Introduction
Lipopolysaccharide (LPS), a component of the Gram-negative bacterial cell wall, is a potent inducer of inflammation (1). The inflammatory response to Gram-negative bacterial infections in the central nervous system remains a major cause of neurological disease (2). Several studies have suggested that neuroinflammation is implicated in the pathology of several neurodegenerative diseases, including Alzheimer’s disease, Parkinson’s disease and multiple sclerosis (3–5).
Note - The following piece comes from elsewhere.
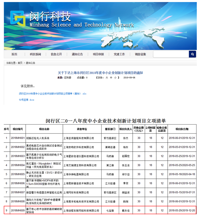 2018年9月6日,我司“基于核心技术创新的高级辅助驾驶系统”经过上海市闵行区科委专家评审,获得专家的一致好评,已于9月6日通过项目立项,项目立项后将获得闵行科...

It has been demonstrated that elevated levels of pro-inflammatory cytokines are capable of inducing the onset of a number of neurodegenerative diseases (6). Although the pathologies of different neurodegenerative diseases are distinct, neuroinflammation is commonly involved (7). It has been suggested that the inhibition of neuroinflammation prevents the onset and reduces the symptoms of neurodegenerative diseases (6,7). A significant body of evidence has observed LPS-induced neuroinflammation, characterized by the elevated expression levels of interleukin (IL)-1β, IL-6 and tumor necrosis factor (TNF)-α, in the central nervous system of animal models with neurological diseases (8–10).
Ketamine, a commonly used anesthetic agent, is recommended for use in patients with sepsis (11). Clinically, the majority of anesthesiologists have observed that ketamine is capable of increasing blood pressure, particularly in patients with sepsis. Collectively, several studies have demonstrated that ketamine is able to maintain circulatory stability, mainly as a result of inhibiting the secretion of pro-inflammatory cytokines (12–14). Koga et al(15) have demonstrated that ketamine is capable of decreasing the mortality rate in rats with endotoxin-induced shock, as well as the activity of TNF-α. Another study by Taniguchi et al(16) demonstrated that ketamine is able to inhibit the release of IL-1β and IL-6. Furthermore, it has been shown that ketamine inhibits the LPS-induced inflammatory response in a dose-dependent manner (17).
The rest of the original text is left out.